According to Light Reading sister company Omdia, this is all feeding into the increasingly widespread provision of broadband services with extremely high download speeds and very low latency.

In a new report, titled “2021 Trends to Watch: Gigabit Broadband,” Omdia said Gigabit services are now widespread, with over 300 service providers across all major regions offering at least 1 Gbit/s download speeds.

Light speed: The coronavirus pandemic has pushed the need for reliable Gigabit networks. (Source: Unsplash)

Light speed: The coronavirus pandemic has pushed the need for reliable Gigabit networks. (Source: Unsplash)

What’s more, Omdia has seen a steady increase in 10 Gbit/s operators from 29 in 2019 to 36 in 2020.

The analyst firm now expects 10 Gbit/s services to expand as a means of differentiation and competition against 5G fixed-mobile substitution (FMS), new fiber entrants and cable networks upgraded to DOCSIS 3.1.

However, as Gigabit services become more mainstream, Omdia warned that quality of service is more important and noted that reliable and stable connectivity is at the forefront of consumers’ digital needs in the time of the COVID-19 pandemic and beyond.

“Many operators have acknowledged this and are now offering advanced QoE solutions such as smart Wi-Fi solutions as part of their service either included in the price of the package (such as TIM Italy and Bell Canada) or for an additional fee (such as BT and Comcast),” the report said.

Defensive play

Alzbeta Fellenbaum, principal analyst for broadband at Omdia, also said that despite the increased use of broadband services during the pandemic, consumer demand is not yet driving gigabit services.

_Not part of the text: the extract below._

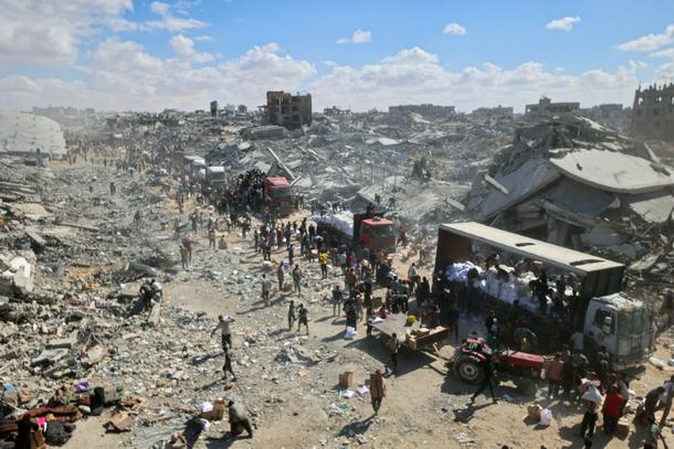 Conditions remain dire in Gaza, were Palestinians are seen gathering at aid trucks as a ceasefire between Israel and Palestinian factions holds in the besieged territory

“Instead, they are used by alternative providers to either disrupt the market and gain market share or as a defensive play by established providers to fend off competition,” Fellenbaum said, pointing to providers such as Waoo in Denmark and Hyperoptic in the UK.

Others are partnering with wholesale and open access network providers, such as Open Fiber in Italy and Swiss FiberNet in Switzerland.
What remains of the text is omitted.